§ **THE INPUT**:
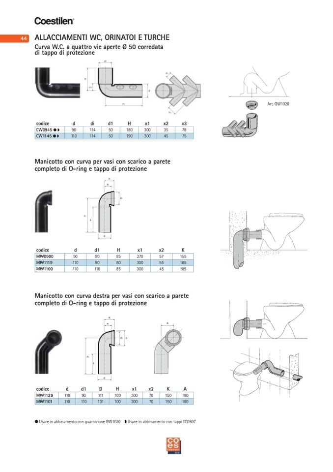 ● Usare in abbinamento con guarnizione GW1020 ◗ Usare in abbinamento con tappi TC050C
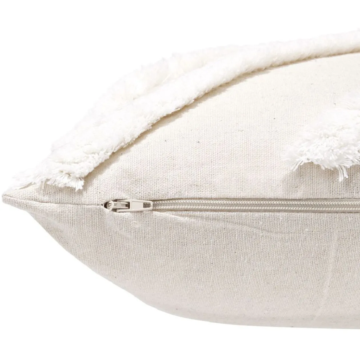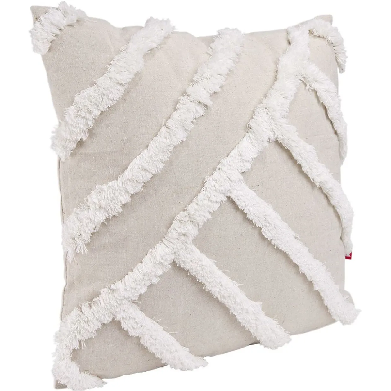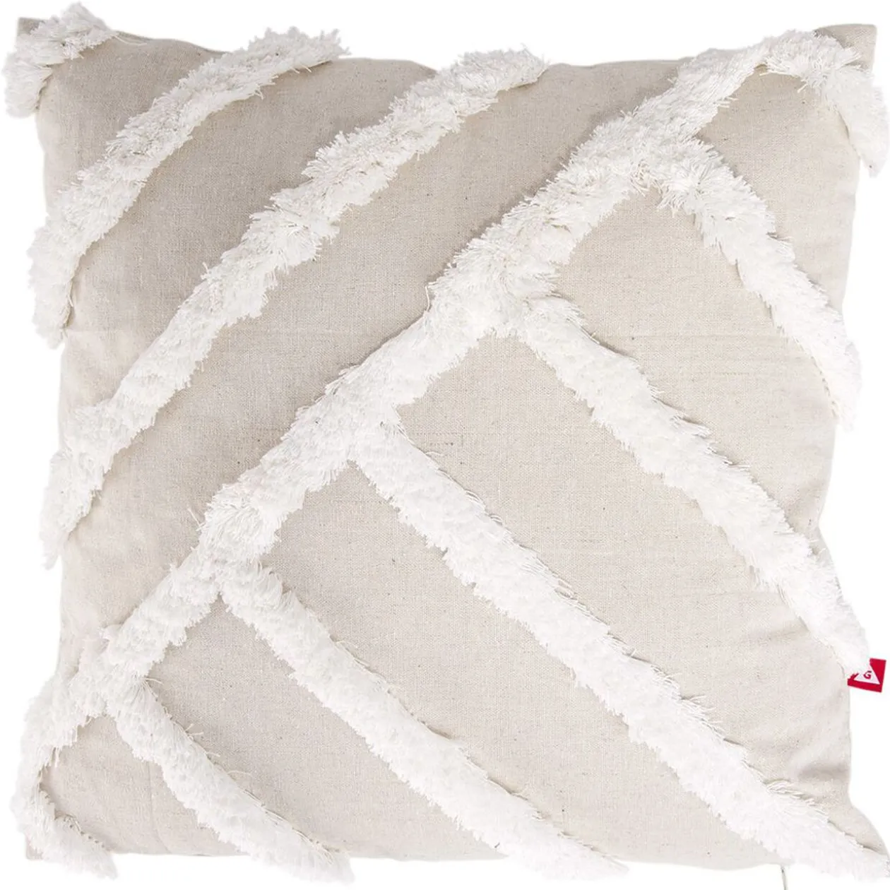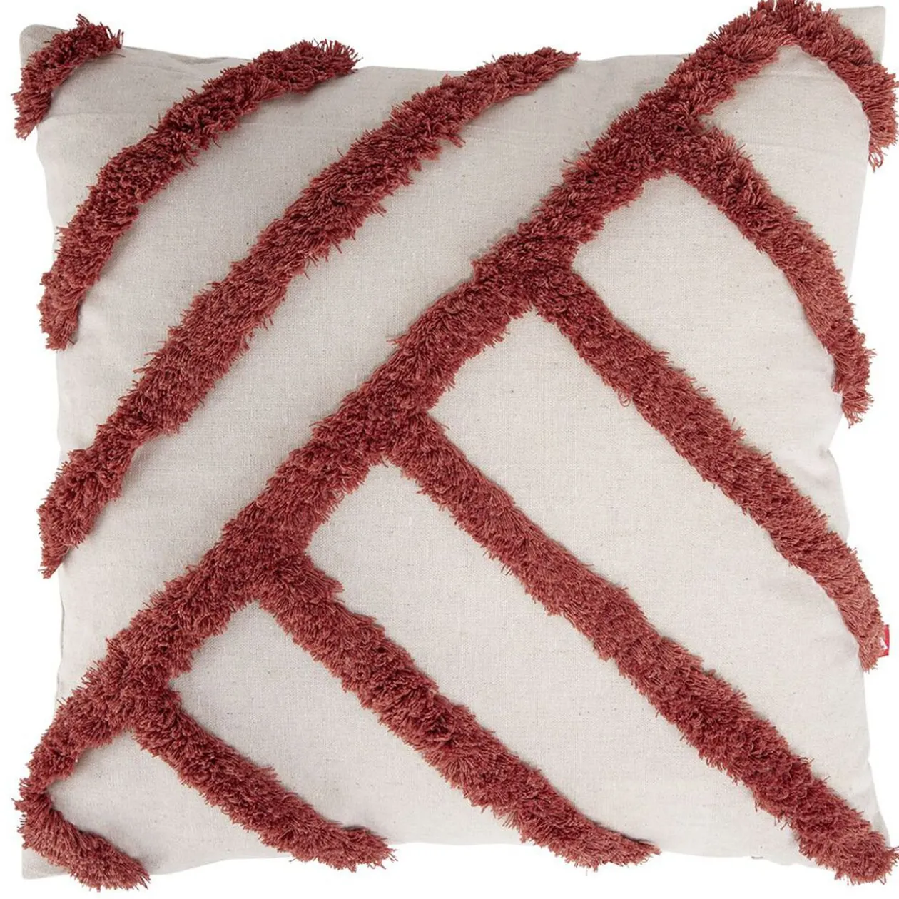 Coussin carré de couleur beige avec rayures tuftées colorées. En plus de vous apporter une touche déco, il apportera un confort supplémentaire à votre canapé.
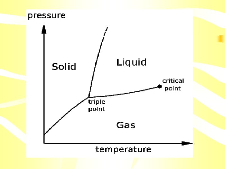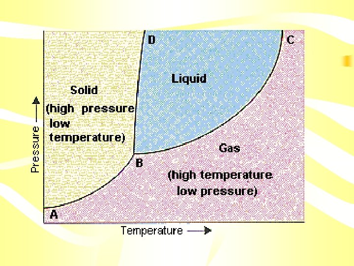 • Along BC line: rate at which liquid boils to form a gas=rate at which gas condenses to form a liquid • The solid line between points B and D contains the combinations of temperature and pressure at
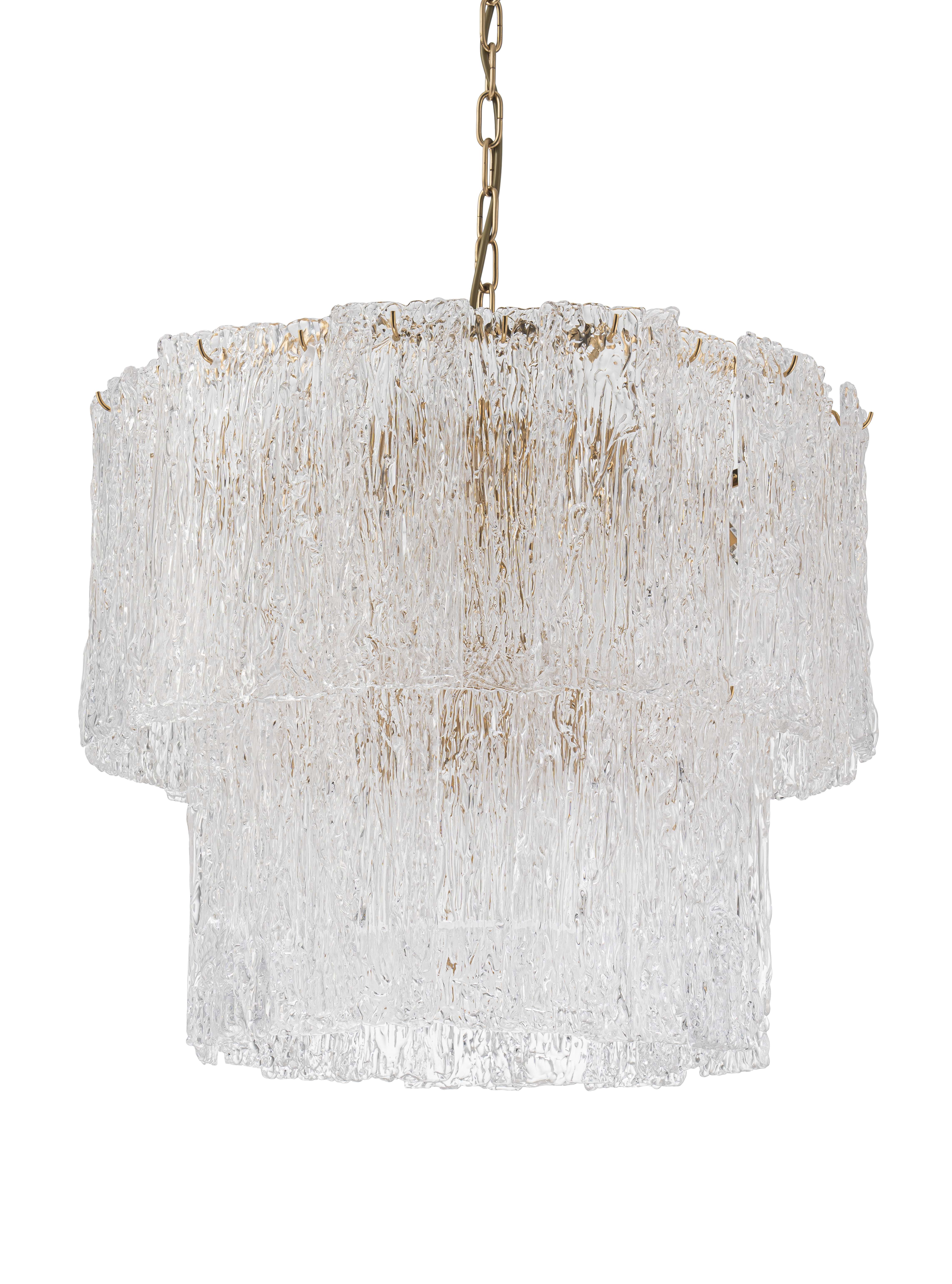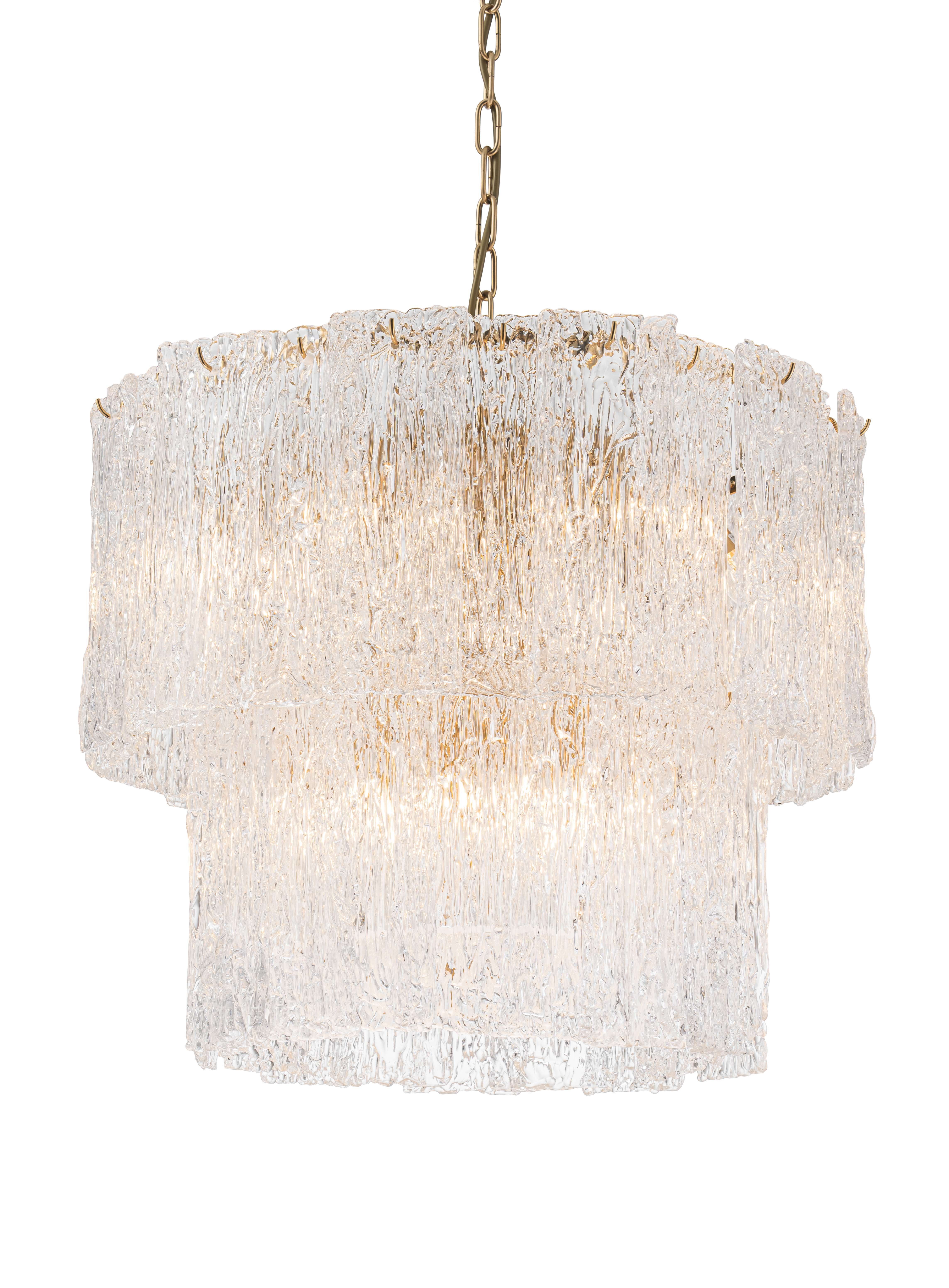Люстра Virginia — истинное произведение искусства, созданное для ценителей утончённой эстетики. Каскадный силуэт из изысканных деталей, напоминающих мятую текстуру стекла, создаёт игру света и тени, наполняя пространство уникальной атмосферой. Каждая грань переливается, словно отражая движение воды, добавляя глубину и элегантность интерьеру. Люстра станет центральным акцентом, привлекая восхищённые взгляды.
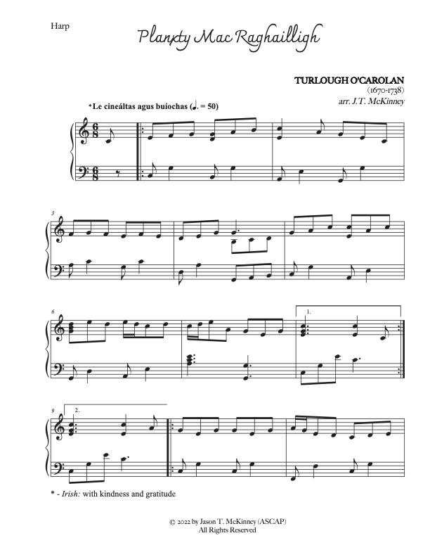 Arranged by J.T. McKinney, two selections for solo harp from the collected tunes of Turlough O'Carolan (1670-1738), Ireland's last great bard.
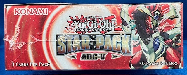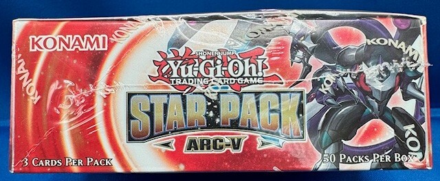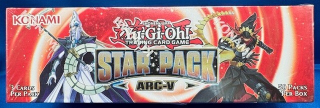 This Yu-Gi-Oh! TCG booster box is factory sealed and contains the highly sought after 1st Edition Star Pack ARC-V set. The box includes standard sized cards in English language and is manufactured by Konami. The set features a variety of cards and configurations, making it perfect for collectors and players alike. The box is suitable for ages 6 and up and is a great addition to any collection of collectible card games.

§ **WORK INSTRUCTION**: Starting at the line containing "Coussin carré de" and finishing at the line containing "and pressure at", return those lines exactly as they appear above, without the pictures.

§ **REPLY TO THE EXERCISE**:
 Coussin carré de couleur beige avec rayures tuftées colorées. En plus de vous apporter une touche déco, il apportera un confort supplémentaire à votre canapé.
 • Along BC line: rate at which liquid boils to form a gas=rate at which gas condenses to form a liquid • The solid line between points B and D contains the combinations of temperature and pressure at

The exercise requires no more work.